We thus find that evidence of P.W. 1 proves that appellant is the person who inflicted the injuries which resulted in homicidal death of the deceased. That aspect is totally corroborated by the medical evidence and proved confession made by the appellant.

So far as the motive is concerned, it is seen from the evidence of relatives of the deceased that immediately after the occurrence they were unable to pin point the reason of dispute between the accused and the deceased. The accused has explained that he dealt blows killing the deceased out of annoyance. Under such circumstances the heinous offence raged for some time does not give any excuse to the accused and does not make him entitled to any benefit. Therefore, we do not find any reason to interfere with the impugned order of conviction.

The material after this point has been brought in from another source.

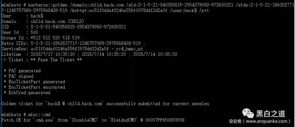 kerberos::golden /domain:child.hack.com /sid:S-1-5-21-840356815-2954379092-972630321 /sids:S-1-5-21-1863527717-1245757989-2975568438-519 /krbtgt:ac51f0ddaf0246a556f1978dd12d2a0f /user:hack$ /ptt
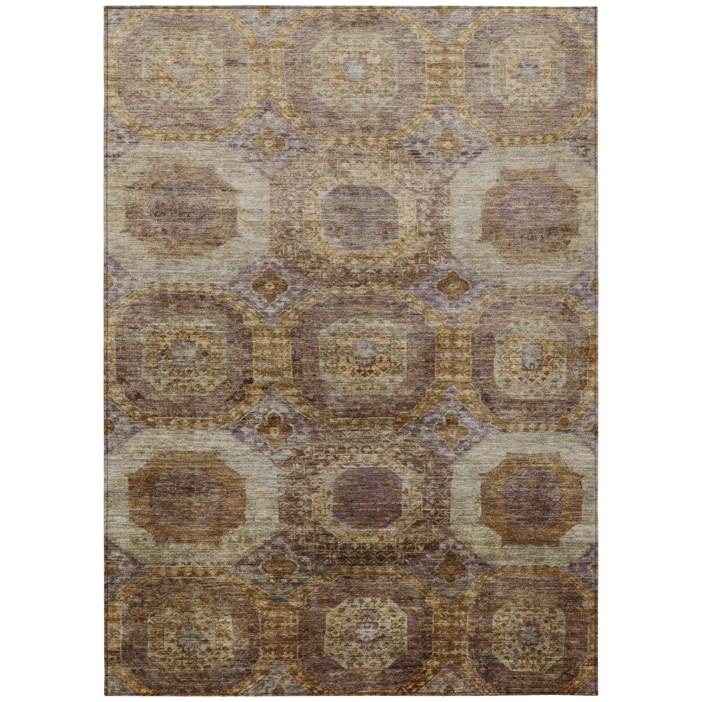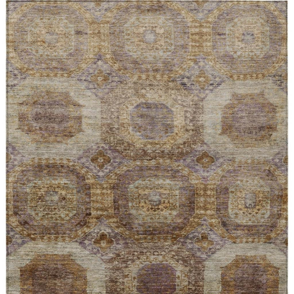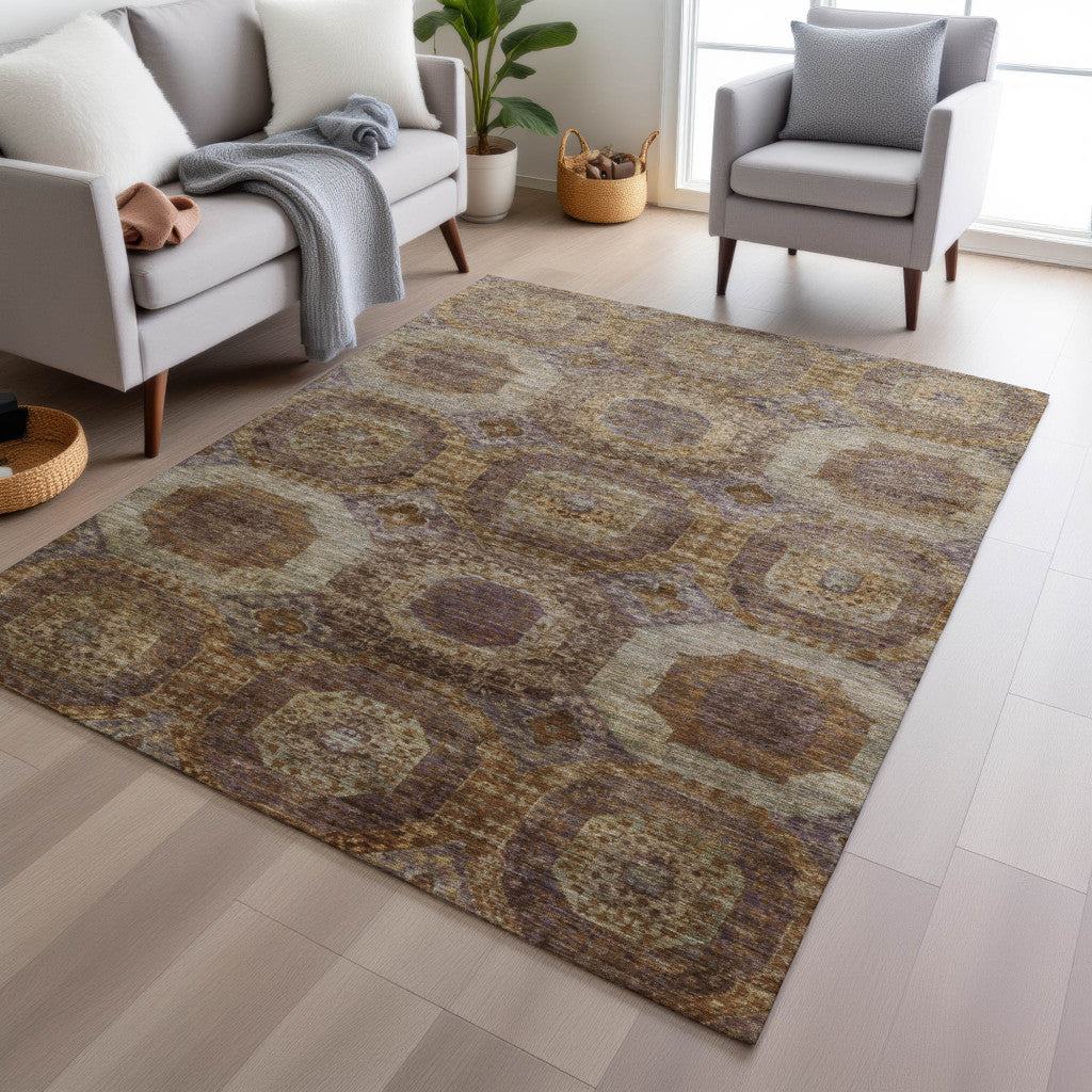 10' X 14' Rust And Beige Medallion Washable Indoor Outdoor Area Rug

9. So far as last contention raised by the appellant, we are unable to subscribe to the view that the offence committed is culpable homicide not amounting to murder on the face of Ext. 2 which reveals eleven external injuries by sharp cutting weapon having been dealt by the accused in a heinous manner. There is no evidence worth the name on record that annoyance which generated with the accused was at the instance of the deceased at the spur of the moment. In other words, the ingredients of Section 304 I.P.C. are not satisfied and consequently the offence committed by the appellant comes within the meaning of term ‘murder’ as defined under Section 300 read with Section 299 I.P.C. and punishable under Section 302 I.P.C.

10. Regard being had to the aforesaid facts and submissions and the reasons assigned by the trial Court, we find no reason to interfere with the impugned order of conviction. Accordingly, the Jail Criminal Appeal is dismissed.